# Feature Engineering - air_12300

This notebook applies feature engineering to the air_12300 dataset, following the same pipeline as air_12318.

## 1. Setup

In [1]:
import pandas as pd
import numpy as np
import matplotlib.pyplot as plt
import seaborn as sns
from sklearn.ensemble import IsolationForest
from sklearn.mixture import GaussianMixture

In [2]:
df = pd.read_csv("../../data/raw/air_12300.csv", on_bad_lines='skip')
df['time'] = pd.to_datetime(df['time'], errors='coerce')
df = df.sort_values('time').reset_index(drop=True)

print(f"Dataset shape: {df.shape}")
print(f"\nColumns: {df.columns.tolist()}")

Dataset shape: (509084, 33)

Columns: ['id', 'time', 'epoch', 'air', 'device', 'freq_hertz', 'vlineavg_volt', 'va_volt', 'vb_volt', 'vc_volt', 'vlineper_volt', 'ia_ampere', 'ib_ampere', 'ic_ampere', 'iavg_ampere', 'pftot_none', 'ptotper_percent', 'ptot_watt', 'stotper_percent', 'stot_volt-ampere', 'qtotper_percent', 'qtot_var', 'expvar_var-hour', 'expwh_watt-hour', 'state_none', 'hours_hour', 'servhr_hour', 'servday_day', 'startcount_none', 'oilpress_pascal', 'cooltemp_degree-celsius', 'rpm_revolutions-per-minute', 'vbat_volt']


## 2. ON/OFF Detection

In [3]:
df = pd.read_csv("../../data/raw/air_12300.csv", on_bad_lines='skip')
df['time'] = pd.to_datetime(df['time'], errors='coerce')
df = df.sort_values('time').reset_index(drop=True)
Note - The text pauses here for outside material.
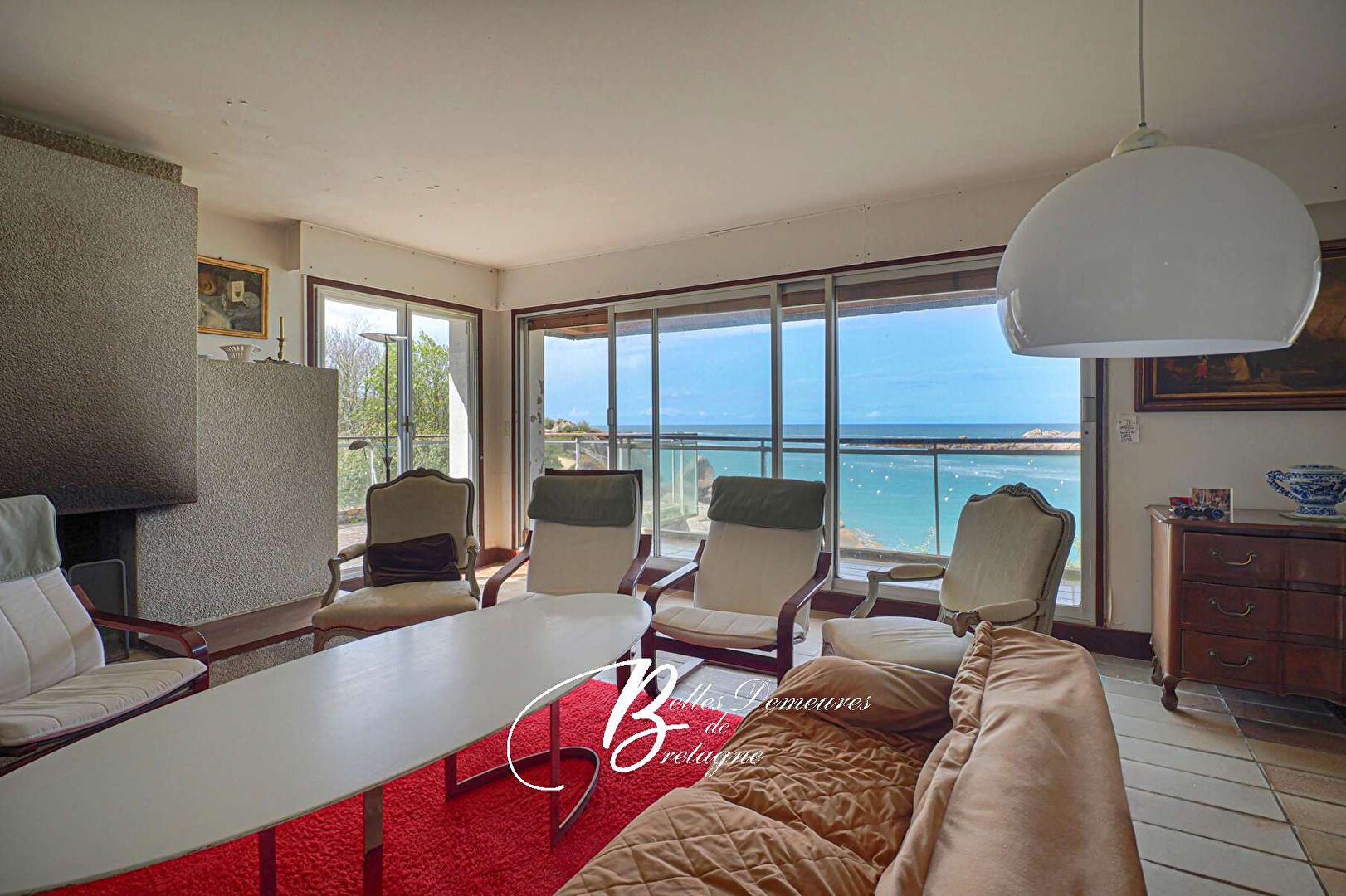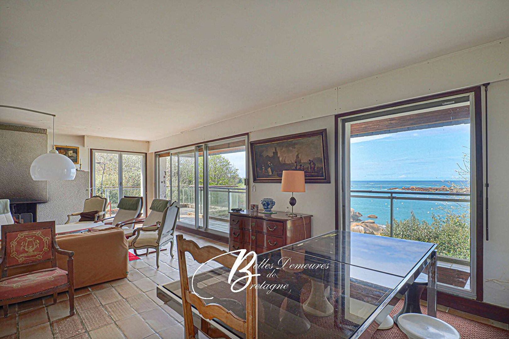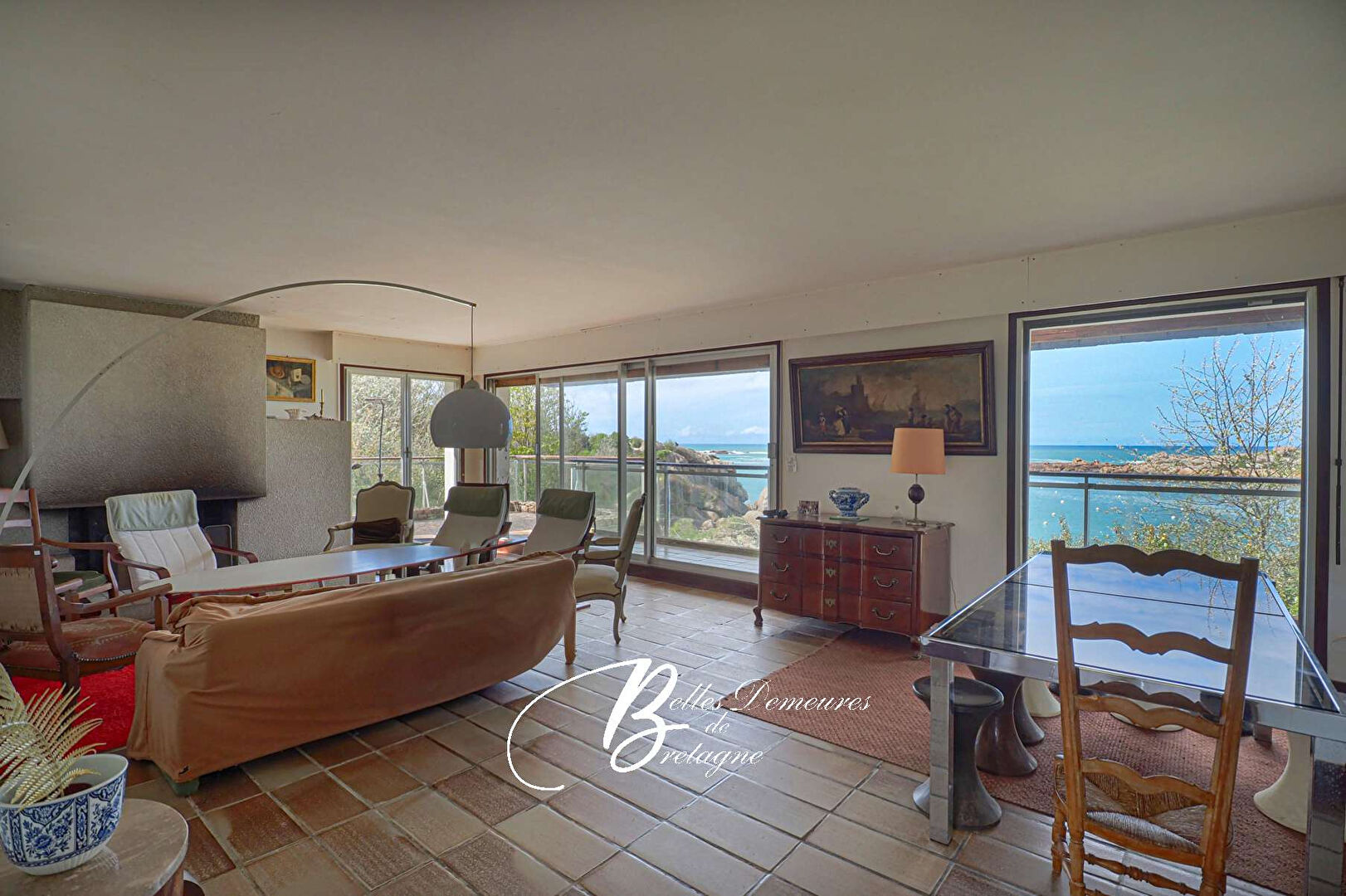 Sur l'un des sites les plus emblématiques de la Côte de Granit Rose, cette remarquable maison d'architecte des années 70 s'inscrit dans un environnement naturel d'une rare beauté, en position dominante face à la mer.

print(f"Dataset shape: {df.shape}")
print(f"\nOriginal columns: {df.columns.tolist()[:10]}...")

# Rename columns to match air_12318 naming convention
column_mapping = {
    'ptot_watt': 'ptot_W',
    'qtot_var': 'qtot_Var',
    'stot_volt-ampere': 'stot_VA',
    'ia_ampere': 'ia_A',
    'ib_ampere': 'ib_A',
    'ic_ampere': 'ic_A',
    'iavg_ampere': 'iavg_A',
    'va_volt': 'va_V',
    'vb_volt': 'vb_V',
    'vc_volt': 'vc_V',
    'vlineavg_volt': 'vlineavg_V',
    'vlineper_volt': 'vlineper_V',
    'vbat_volt': 'vbat_V',
    'pftot_none': 'pftot_None',
    'cooltemp_degree-celsius': 'temp_Degrees Celsius',
    'oilpress_pascal': 'pressure_Bar',
    'freq_hertz': 'freq_Hz*10',
    'hours_hour': 'hours_sec',
    'expwh_watt-hour': 'expwh_Kwh*10',
    'expvar_var-hour': 'expvar_Kvarh*10',
}

df = df.rename(columns=column_mapping)

print(f"\n✓ Columns renamed to standard format")
print(f"Renamed columns: {df.columns.tolist()[:10]}...")
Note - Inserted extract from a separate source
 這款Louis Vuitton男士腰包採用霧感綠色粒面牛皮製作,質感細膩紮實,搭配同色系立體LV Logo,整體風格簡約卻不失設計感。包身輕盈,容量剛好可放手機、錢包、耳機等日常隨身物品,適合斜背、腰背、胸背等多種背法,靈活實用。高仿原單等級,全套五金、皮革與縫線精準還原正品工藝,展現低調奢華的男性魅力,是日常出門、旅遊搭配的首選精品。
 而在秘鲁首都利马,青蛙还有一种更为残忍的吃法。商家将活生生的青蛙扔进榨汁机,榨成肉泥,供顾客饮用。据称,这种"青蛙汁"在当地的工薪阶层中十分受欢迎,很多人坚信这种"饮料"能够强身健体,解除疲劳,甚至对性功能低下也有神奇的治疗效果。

Dataset shape: (509084, 33)

Original columns: ['id', 'time', 'epoch', 'air', 'device', 'freq_hertz', 'vlineavg_volt', 'va_volt', 'vb_volt', 'vc_volt']...
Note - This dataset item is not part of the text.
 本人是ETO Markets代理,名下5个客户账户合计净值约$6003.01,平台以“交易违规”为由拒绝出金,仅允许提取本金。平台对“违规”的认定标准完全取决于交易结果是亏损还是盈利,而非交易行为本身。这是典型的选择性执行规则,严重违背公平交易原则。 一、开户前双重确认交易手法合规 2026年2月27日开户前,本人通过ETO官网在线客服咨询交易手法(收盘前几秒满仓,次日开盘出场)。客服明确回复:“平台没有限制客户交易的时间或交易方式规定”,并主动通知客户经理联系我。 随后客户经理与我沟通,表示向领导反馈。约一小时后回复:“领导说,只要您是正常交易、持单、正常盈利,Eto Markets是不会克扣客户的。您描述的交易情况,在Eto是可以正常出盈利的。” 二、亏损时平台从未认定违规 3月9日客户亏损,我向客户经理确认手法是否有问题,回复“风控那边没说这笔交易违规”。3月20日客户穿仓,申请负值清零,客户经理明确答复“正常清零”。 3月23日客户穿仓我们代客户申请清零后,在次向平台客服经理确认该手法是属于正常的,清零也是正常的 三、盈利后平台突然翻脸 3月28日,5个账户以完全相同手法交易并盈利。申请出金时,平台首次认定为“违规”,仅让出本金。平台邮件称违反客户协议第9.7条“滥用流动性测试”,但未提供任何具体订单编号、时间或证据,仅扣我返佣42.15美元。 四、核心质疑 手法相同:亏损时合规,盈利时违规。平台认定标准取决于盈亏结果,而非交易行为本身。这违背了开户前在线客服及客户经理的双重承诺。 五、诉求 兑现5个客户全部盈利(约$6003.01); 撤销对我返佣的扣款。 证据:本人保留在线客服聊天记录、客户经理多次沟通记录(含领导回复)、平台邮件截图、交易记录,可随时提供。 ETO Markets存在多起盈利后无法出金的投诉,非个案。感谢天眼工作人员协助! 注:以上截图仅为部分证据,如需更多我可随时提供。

✓ Columns renamed to standard format
Renamed columns: ['id', 'time', 'epoch', 'air', 'device', 'freq_Hz*10', 'vlineavg_V', 'va_V', 'vb_V', 'vc_V']...


In [4]:
# ON/OFF Detection using GMM on log(power)
p = df['ptot_W'].clip(lower=0).fillna(0)
X = np.log1p(p).values.reshape(-1, 1)

gmm = GaussianMixture(n_components=2, random_state=42).fit(X)
labels = gmm.predict(X)

means = gmm.means_.flatten()
on_cluster = np.argmax(means)

df['is_running_gmm'] = (labels == on_cluster).astype(int)

print("GMM cluster means:", means)
print("ON cluster:", on_cluster)
print(f"✓ GMM-based ON/OFF detection complete")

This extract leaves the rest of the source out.